The infestation is difficult to control. Once you go dict, you won’t go back. This style of development is too easy, since dictionaries are baked into Python, and there are many facilities for working effectively with them. When you start working and thinking with dictionaries, you also use them even when you don’t have to, or when you shouldn’t. This will also inhibit discovery of more interesting features of Python which might actually improve your code.
It’s error-prone. Dictionaries and lists don’t give you any guarantees about
their contents. Each time you access something, either the exception case has to
be checked or handled propery, or you have to live with various kinds of
exceptions. No one in his right mind would do the first, which leaves the
second. In the above code, for example, every key lookup could throw a
KeyError. One could say that using objects is not much different, since
accessing invalid attributes on an object also causes an exception, but the
responsibility for setting and handling attributes is localized to the class in
the case of objects, and you don’t have to distribute it all over the codebase.

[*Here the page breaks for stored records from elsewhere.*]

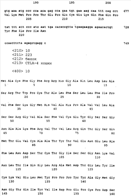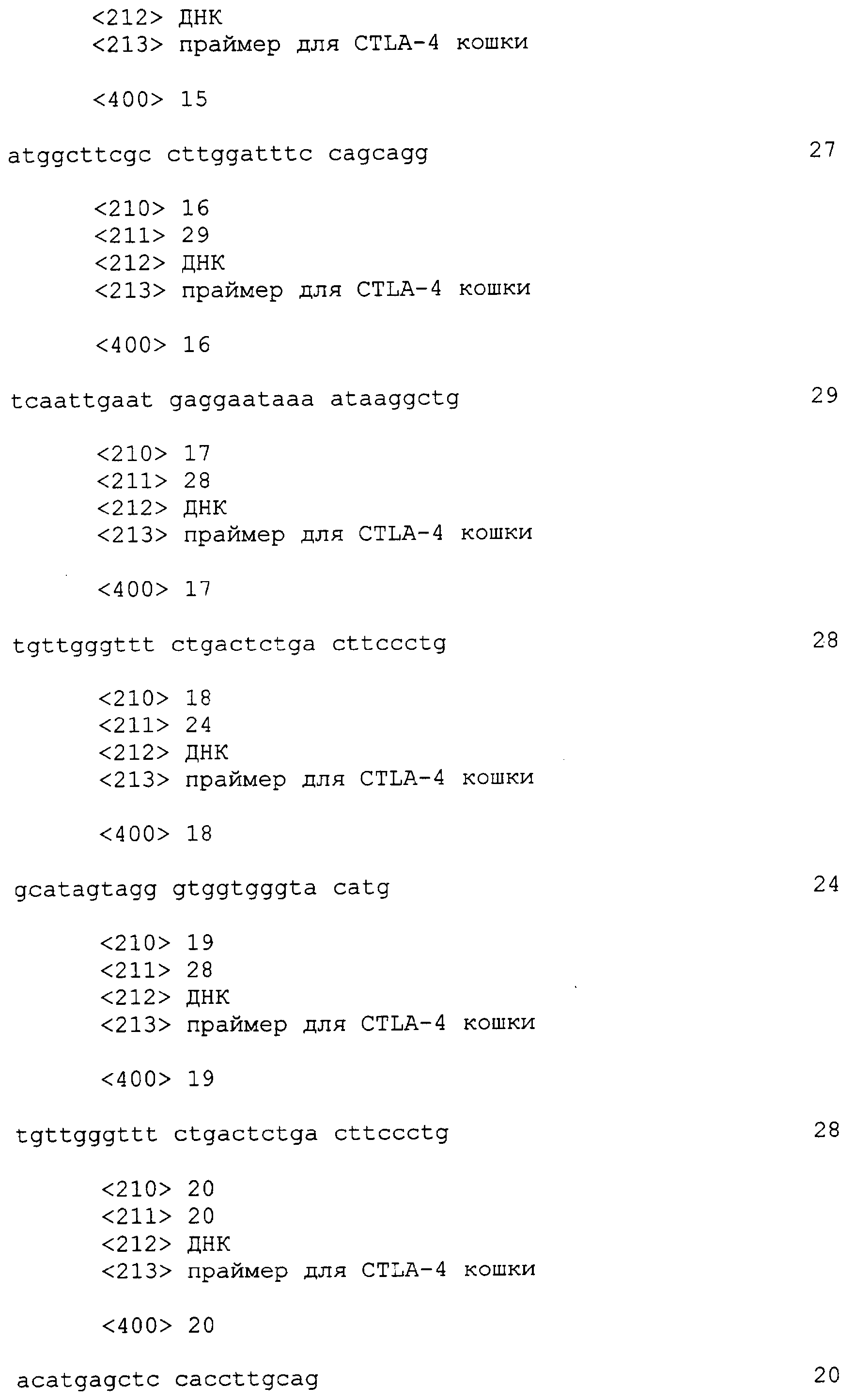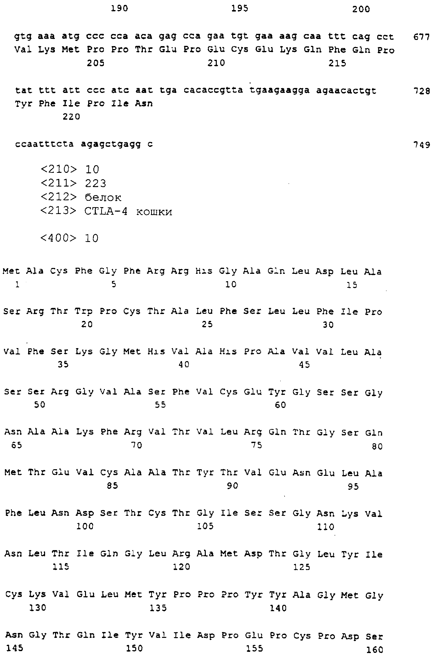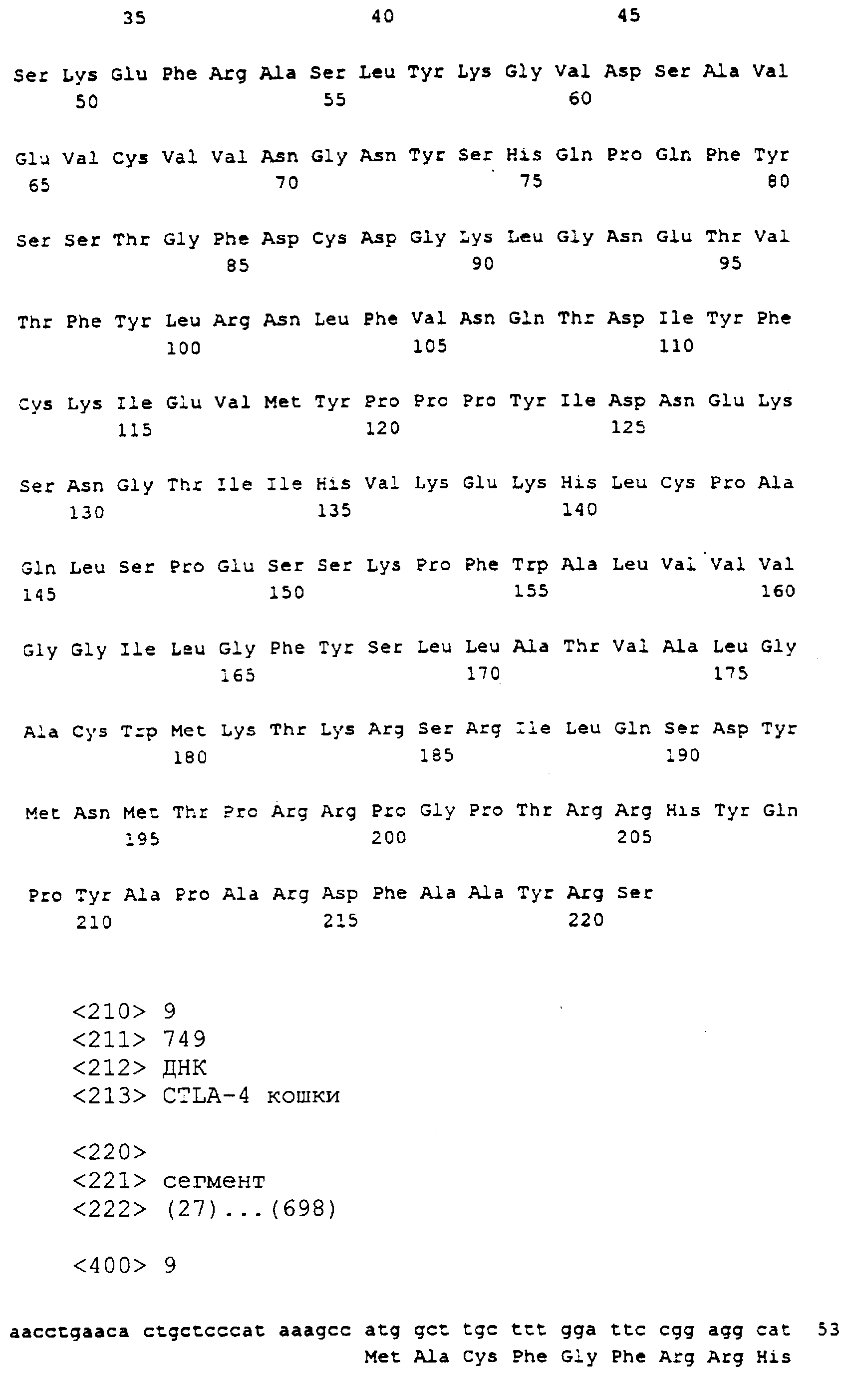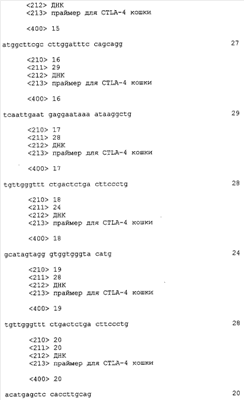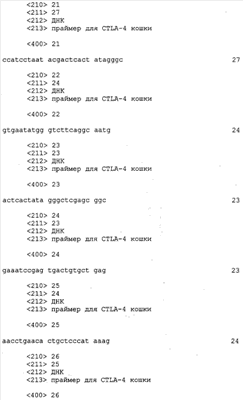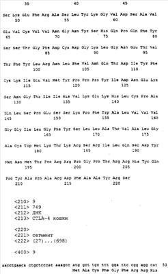 Также настоящее представляет выделенную и очищенную кДНК CTLA-4 длиной примерно 749 нуклеотидов. Также изобретение представляет выделенный и очищенный полипептид CTLA-4 кошки, состоящий примерно из 223 аминокислот, являющийся связанной с мембранной или зрелой формой с молекулярной массой 24,381 кДа, изоэлектрической точкой примерно pI=6,34 и суммарным зарядом при рН 7,0, равным -0,99.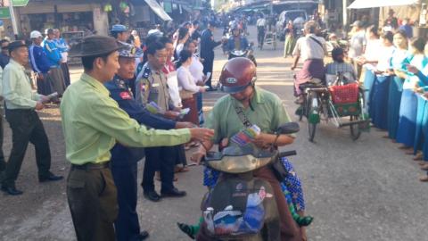 အိမ်မဲမြို့တွင် ဒို့အတူတူမဲပေးကြမယ် လက်ကမ်းစာစောင်များ ဖြန့်ဝေပြီး ရွေးကောက်ပွဲဆိုင်ရာ အသိပညာပေး ဆိုင်းဘုတ်ဆိုက်ထူ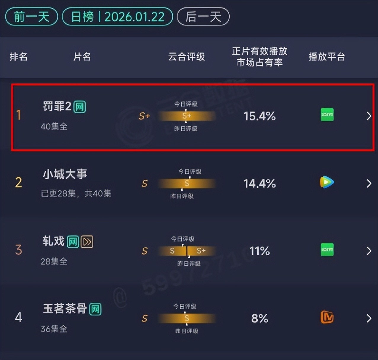 当《轧戏》迎来大结局后,全球王人以为《小城大事》运行发力的时辰,一件出东谈主预思的事情发生了,因为出现一部“黑马剧”,就算《轧戏》和《小城大事》获取的热度比拟高,但这部剧的云合正片灵验播放市集占有率遥远排在第别称,这部剧即是《罚罪2》。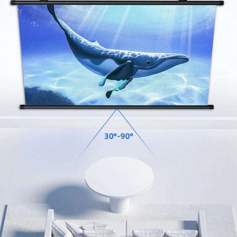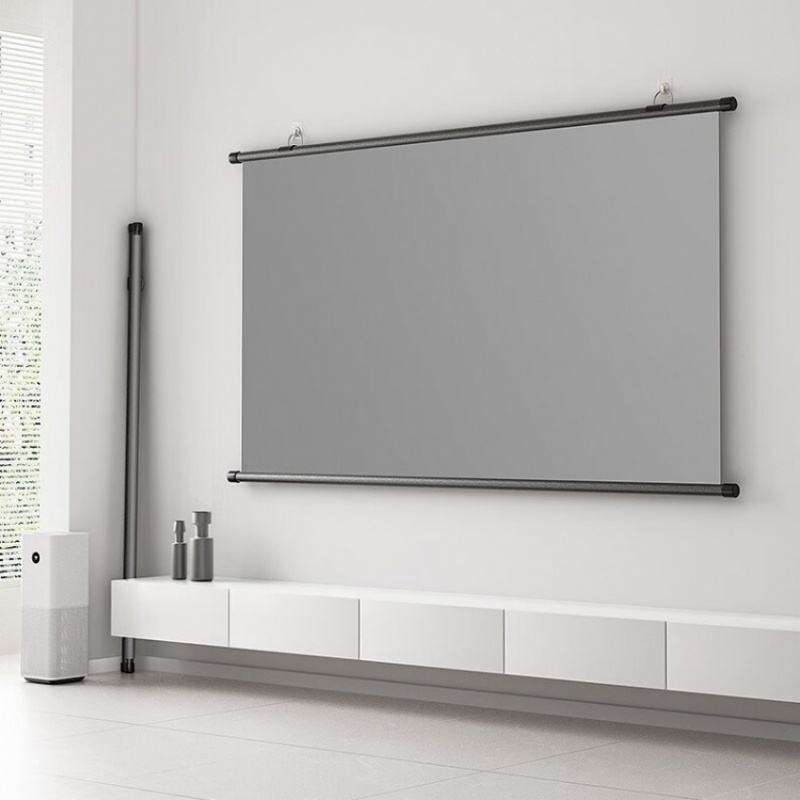 Écran de projection vidéo portable bon marché, déroulable, 60, 80, 100, 120 pouces, 16:9, pour projection de films, à suspendre au mur, gris, matériau ALR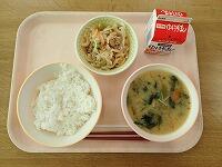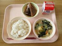 麦ごはん 牛乳 じゃがいものみそ汁 かぼちゃのそぼろ煮

It’s ugly as sin. One of the distinguishing features of Python as a language is that good Python code also looks good in an editor. It’s not zigzagged, there aren’t any large or deep indentation blocks, and there is a rhythm to the size of the different scopes such as functions and classes. When you use lists and dictionaries, however, you are bound to frequently check for membership and existence of keys, which makes achieving this aesthetics virtually impossible.
What to do
Here is what you should do: Take the popular advice relating to Unicode, and apply it to JSON. The fundamental advice on Unicode is decode and encode on system boundaries. That is, you should never be working on non-unicode strings within your business logic. The same should apply to JSON. Decode it into business logic objects on entry into system, rejecting invalid data. Instead of relying on key errors and membership lookups, leave the orthogonal business of type validity to object instantiation. Work with the business logic objects, which give you all the OO niceties plus Python’s object protocol. Once you are done, decode these objects into JSON again, and send them to wherever they are needed.
I had a very interesting discussion with my colleague Mouad, and he pointed out
two things. The first is the danger of creating anemic
objects, i.e. objects
with only data fields and no behavior, and then using these in functions such as
the above instead of dictionaries. This of course beats the purpose of having
objects, since you are only delegating the dictionary business to the
attribute of the objects. Real business objects encapsulate their logic. The
other topic is the performance aspect. To be perfectly honest, I didn’t think
about performance at all when writing this. I usually stick to the adage of
Make it work, make it good, make it fast. However, if you are working within
strict performance bounds, and don’t want to get into any monkey business such
as compiling C extensions, which might complicate deployment more than
necessary, it might make sense to use dictionaries and lists in the critical
places, since they are highly optimized.